Today, while browsing through Boke Garden, I came across a blog post that introduces commonly asked programming questions in software company interviews. I decided to solve them in advance, as I was well-prepared. If any of you have experienced these problems before, please feel free to leave a comment.
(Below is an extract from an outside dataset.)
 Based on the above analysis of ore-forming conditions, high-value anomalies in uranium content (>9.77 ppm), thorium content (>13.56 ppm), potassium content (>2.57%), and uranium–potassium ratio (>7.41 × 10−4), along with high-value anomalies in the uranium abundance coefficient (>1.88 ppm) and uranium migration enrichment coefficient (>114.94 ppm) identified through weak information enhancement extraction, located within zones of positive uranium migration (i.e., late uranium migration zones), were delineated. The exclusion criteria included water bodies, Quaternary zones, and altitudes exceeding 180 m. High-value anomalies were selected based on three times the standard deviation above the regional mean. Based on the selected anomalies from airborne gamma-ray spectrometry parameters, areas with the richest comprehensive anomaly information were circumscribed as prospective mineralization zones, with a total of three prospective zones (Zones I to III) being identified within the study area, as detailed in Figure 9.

Thank you!
- Given an arbitrary integer n, please write an algorithm to calculate the result of 1-2+3-4+5-6+7...n.
Wrong answer: If you answer like this, with an additional FOR loop, the efficiency will be very low, O(n). Software companies definitely won't hire you.
int n = this.TextBox1.Text.ToString();
// The original text is incorrect, in C# language, it should be changed to int n = Int.Parse(this.TextBox1.Text.ToString());
int Sum = 0;
for (int i = 0; i < n + 1; i++)
{
if ((i % 2) == 1)
{
Sum += i;
}
else
{
Sum = Sum - i;
}
}
Correct answer: Analyzing the structure of the equation, we can see that (1-2) = (3-4) = ... = (2n-1)-(2n) = -1. Therefore, we can deduce the result using backtracking. The result is n/2 times -1 plus n, and then we can determine the sign of n to know the result. This algorithm only has a cost of O(1).
int n = input();
int result = (-1) * (n/2) + (n) * (n%2 ? -1:1);
printf("%d", result);
- Given an arbitrary integer n, display the last four digits of n raised to the power of 2008.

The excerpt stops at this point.